Overhaul Provisions On Abortion, IRS Reporting Requirements Stirring Up Capitol Hill

Provisions in the new health law are causing controversy on Capitol Hill and throughout the country.

The Hill reports that Sens. Tom Coburn, R-Okla., and Orrin Hatch, R-Utah, introduced legislation Thursday "designed to eliminate a controversial provision of the Democrats' new healthcare reform law that allows subsidized plans to offer abortion coverage if patients pay separately, and with their own money, for that portion of the coverage. Critics of that arrangement argue that, because money is fungible, segregating taxpayer dollars from patient dollars is impossible, leaving no way to prevent federal subsidies for elective abortions." The bill has attracted support from 25 Senate Republicans (Lillis, 8/5).

In the meantime, Missouri Democratic Senate nominee Robin Carnahan may face an even greater election challenge after 71 percent of primary voters in that state cast votes opposing a key part of the new law, Politico reports. "Republicans argue the result from the country's first proxy vote on the health care law is an ominous sign that bodes ill for Carnahan's chances of capturing outgoing Republican Sen. Kit Bond's seat this fall. As they see it, the lopsided vote crystallizes the challenge she faces in explaining her support for the legislation as she attempts to narrow her deficit in the polls with Rep. Roy Blunt, the Republican nominee. ... Democrats argue that placing the referendum on an August ballot stacked with more competitive Republican contests intentionally skewed the outcome" (Catanese, 8/6).

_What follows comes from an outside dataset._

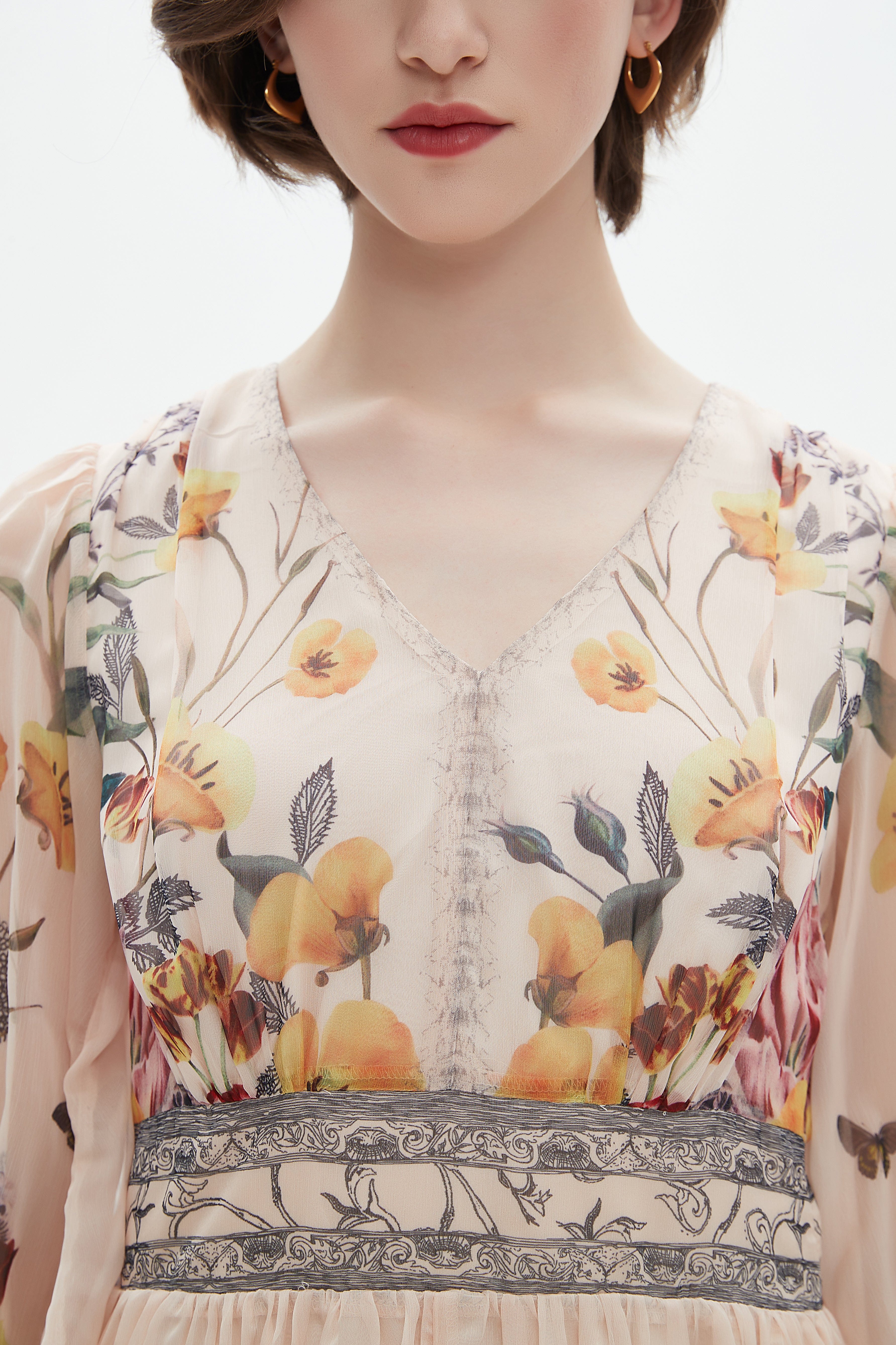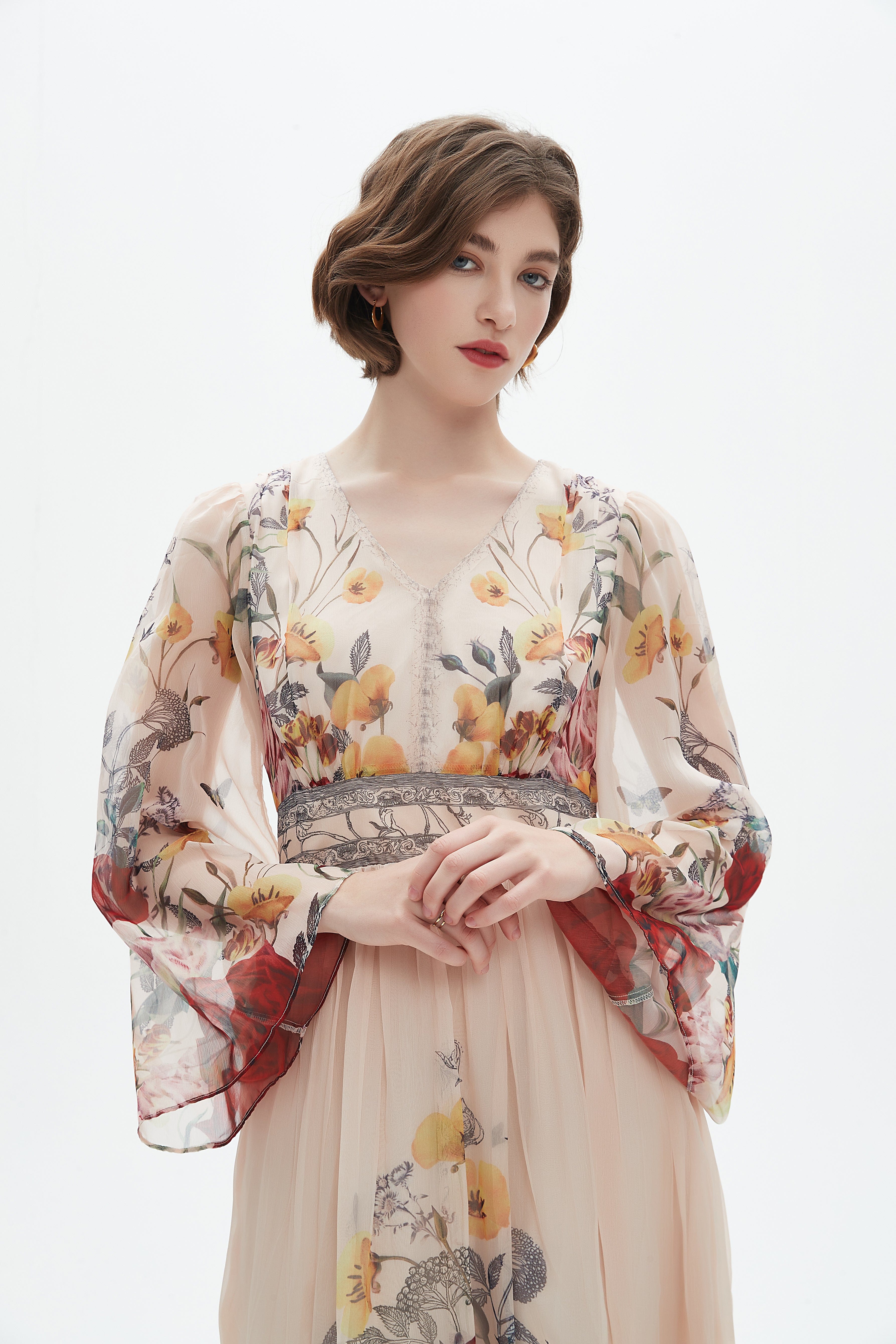 - العناية: اغسلي الفستان بماء بارد أو دورة غسيل خفيفة، استخدمي غسولاً لطيفاً مع ألوان مماثلة، لا تبيّضي، كوي على حرارة منخفضة أو بالهواء بعد التسوية؛ تجنبي درجات حرارة عالية للحفاظ على الطباعة.

In a separate story, The Hill reports that one Republican measure to scale back the federal health law has its first Democratic supporter, Sen. Blanche Lincoln, of Arkansas, who has endorsed a measured aimed at making businesses file IRS forms when they buy goods from other companies that exceed $600 in a year. "'No piece of legislation is ever perfect and it's important we take steps to make improvements where we can,' Lincoln said in a statement announcing her endorsement." Lincoln further said she has heard from many small businesses that the provision would be a burden on them." The extra revenues from the provision are slated to help pay for health reform (Lillis, 8/5).

Kaiser Health News reports that health reform cuts — and benefits — to Medicare Advantage vary from state to state. "To help finance health reform, Congress cut $136 billion over 10 years from the program, in which private insurers provide Medicare health plans for seniors. The private plans, which are paid a flat fee from the government for each enrollee were a likely target: They cost the government much more per beneficiary, on average, than does traditional Medicare, according to Medicare's advisory commission." Some Medicare experts say the new funding formula for Advantage plans will vary considerably by region. Plans in higher-cost markets where the federal government spends the most on traditional Medicare and "get the lowest rate of federal funding, might continue to operate as they do today" (Gulliver, 8/6).